» **Work instructions**
Copy out each entry below verbatim, skipping the images.

━━ Provided records

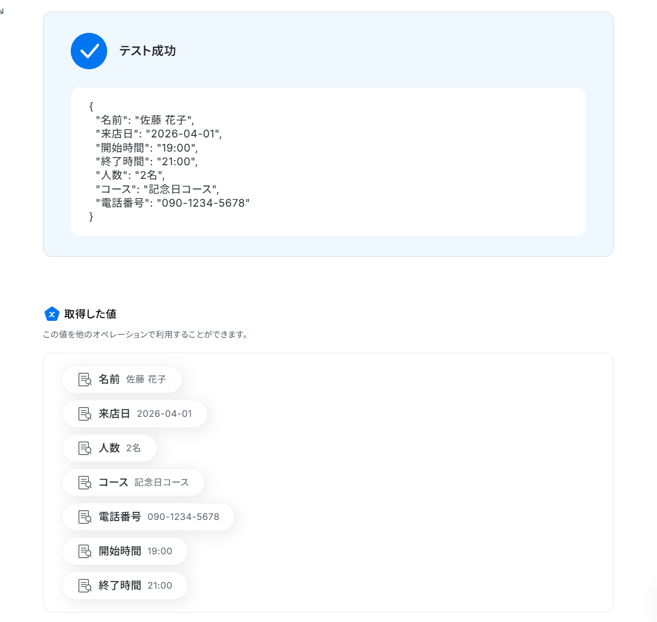 テストに成功すると、「抽出したい項目」に入力した内容が「取得した値」に追加されます。
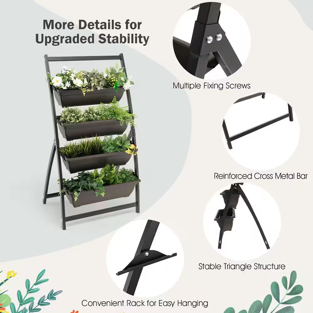 Create a clean and tidy garden with our 4-tier vertical planter box. Whether you want to add a touch of green to your yard or grow your own healthy plants. Our vertical raised garden bed is ideal for you. Its 4-level design makes the plants independent of each other, so you can grow a variety of different plants. In addition, all 4 planter boxes are easy to remove, allowing you to replant your plants. What's more, the garden bed has a good drainage system and both the stepped design and drainage holes will facilitate the removal of excess water. And the planter has a stable triangular structure at the bottom, which effectively lowers the center and avoids toppling. At the same time, the durable and safe PP material is specially designed to withstand the test of outdoor weather. Besides, the assembly and maintenance of the freestanding elevated garden bed is simple. So whether it's in your backyard, garden or bedroom, our vertical garden bed will stay with you for a long time.
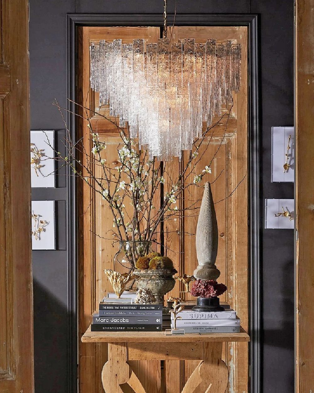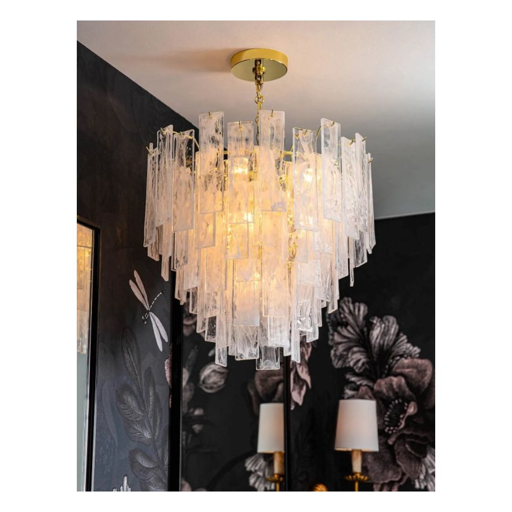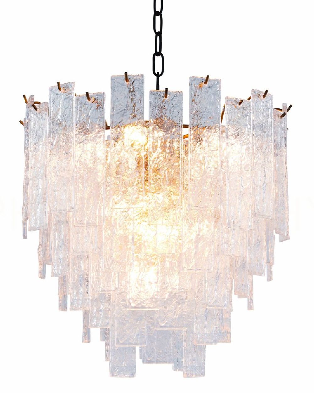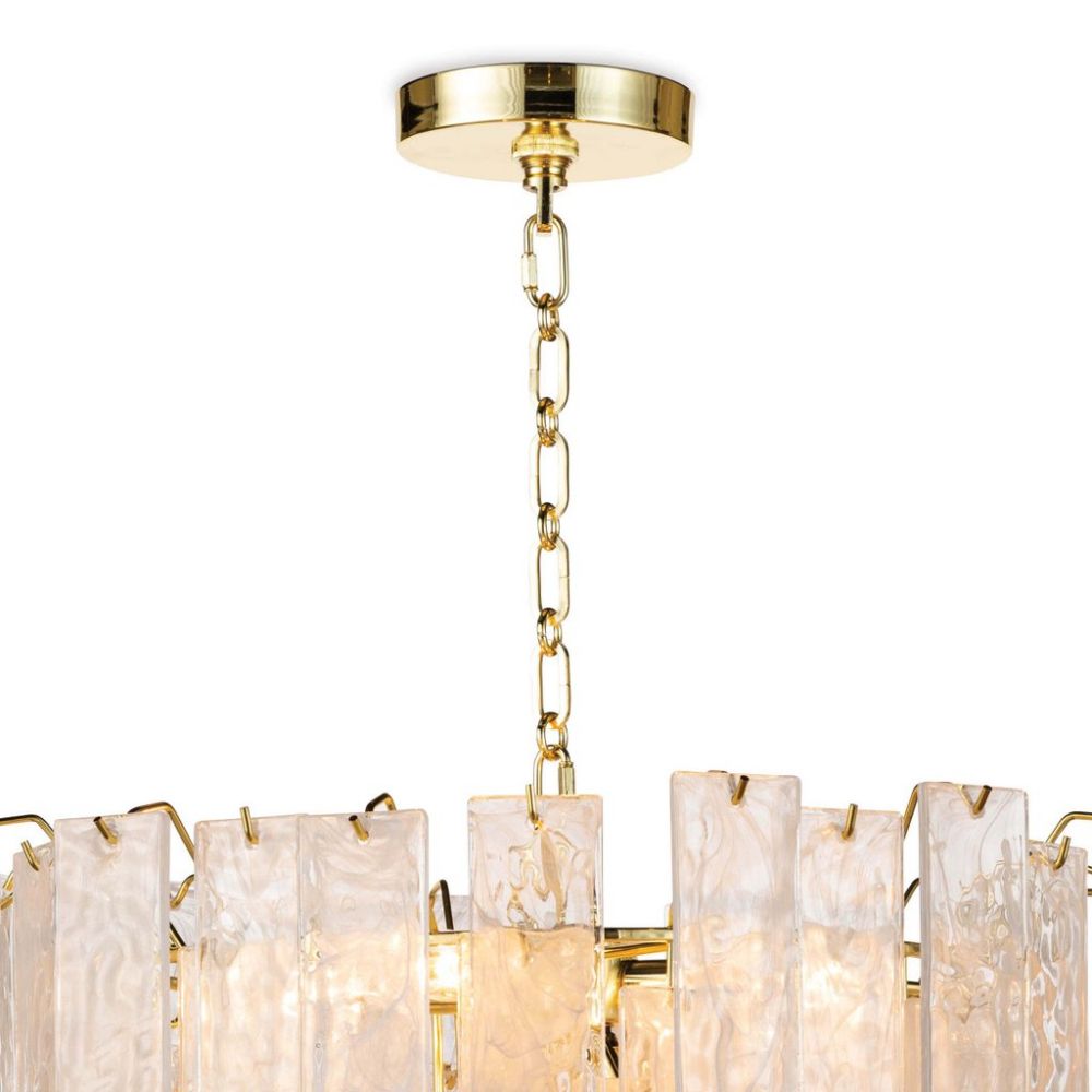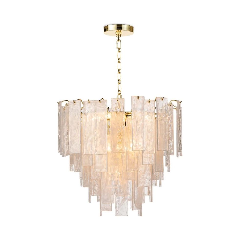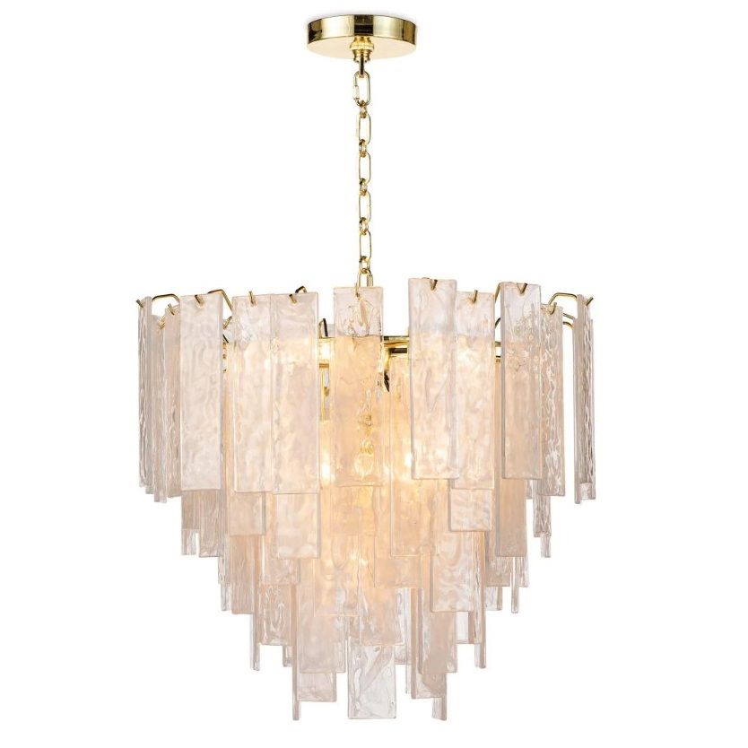 Золотая люстра “Рейнар” – это светильник представляет собой композицию из пяти ярусов прозрачных стеклянных пластин, аккуратно собранных вместе, создавая впечатляющий эффект динамичного движения. Главной особенностью люстры “Рейнар” является использование волнистого стекла, которое не только прекрасно рассеивает свет, но и придает особую мягкость светящемуся эффекту. Это делает освещение помещения более приятным и уютным, создавая атмосферу тепла и комфорта. Отделка в цветовой гамме – латунь, добавляет изысканности и стиля этой люстре. Золотистый в сочетании с прозрачностью стекла создает игру света и тени, что придает интерьеру особую глубину и изысканность. Размеры и форма люстры “Рейнар” делают ее идеальным выбором для различных помещений. Ее прекрасно можно установить в прихожей, создавая великолепный первый впечатление для гостей, или в гостиной, чтобы придать пространству элегантный и изысканный вид.
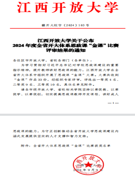 近日,在AC米兰中文官方网站公布的《关于公布2024 年度全省开大体系思政课“金课”比赛评审结果的通知》(赣开大校字〔2024〕103 号),我院教师罗运华凭借其扎实的教学功底、创新的教学方法,在众多参赛选手中脱颖而出,斩获“三等奖”的佳绩。 学院领导对罗运华老师的获奖表示热烈祝贺,并号召全体教师以此为契机,积极探索教育教学的改革,不断提升教学水平和业务能力。 (供稿:教务科 责编:罗运华 终审:倪涛)
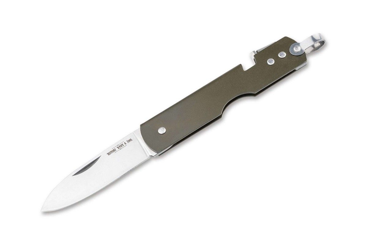 The special highlight is an integrated can opener modeled on the legendary US Army Pocket Can Opener P-38. This is attached to the handle with two solid rivets and can be locked with the lanyard bracket to prevent unintentional opening. The medium-pointed blade made of 440 stainless steel has a nail cutter to aid opening. The handle is painted in the authentic olive drab color based on a historical model.

━━━━

» **Output of the exercise**
 テストに成功すると、「抽出したい項目」に入力した内容が「取得した値」に追加されます。
 Create a clean and tidy garden with our 4-tier vertical planter box. Whether you want to add a touch of green to your yard or grow your own healthy plants. Our vertical raised garden bed is ideal for you. Its 4-level design makes the plants independent of each other, so you can grow a variety of different plants. In addition, all 4 planter boxes are easy to remove, allowing you to replant your plants. What's more, the garden bed has a good drainage system and both the stepped design and drainage holes will facilitate the removal of excess water. And the planter has a stable triangular structure at the bottom, which effectively lowers the center and avoids toppling. At the same time, the durable and safe PP material is specially designed to withstand the test of outdoor weather. Besides, the assembly and maintenance of the freestanding elevated garden bed is simple. So whether it's in your backyard, garden or bedroom, our vertical garden bed will stay with you for a long time.
 Золотая люстра “Рейнар” – это светильник представляет собой композицию из пяти ярусов прозрачных стеклянных пластин, аккуратно собранных вместе, создавая впечатляющий эффект динамичного движения. Главной особенностью люстры “Рейнар” является использование волнистого стекла, которое не только прекрасно рассеивает свет, но и придает особую мягкость светящемуся эффекту. Это делает освещение помещения более приятным и уютным, создавая атмосферу тепла и комфорта. Отделка в цветовой гамме – латунь, добавляет изысканности и стиля этой люстре. Золотистый в сочетании с прозрачностью стекла создает игру света и тени, что придает интерьеру особую глубину и изысканность. Размеры и форма люстры “Рейнар” делают ее идеальным выбором для различных помещений. Ее прекрасно можно установить в прихожей, создавая великолепный первый впечатление для гостей, или в гостиной, чтобы придать пространству элегантный и изысканный вид.
 近日,在AC米兰中文官方网站公布的《关于公布2024 年度全省开大体系思政课“金课”比赛评审结果的通知》(赣开大校字〔2024〕103 号),我院教师罗运华凭借其扎实的教学功底、创新的教学方法,在众多参赛选手中脱颖而出,斩获“三等奖”的佳绩。 学院领导对罗运华老师的获奖表示热烈祝贺,并号召全体教师以此为契机,积极探索教育教学的改革,不断提升教学水平和业务能力。 (供稿:教务科 责编:罗运华 终审:倪涛)
 The special highlight is an integrated can opener modeled on the legendary US Army Pocket Can Opener P-38. This is attached to the handle with two solid rivets and can be locked with the lanyard bracket to prevent unintentional opening. The medium-pointed blade made of 440 stainless steel has a nail cutter to aid opening. The handle is painted in the authentic olive drab color based on a historical model.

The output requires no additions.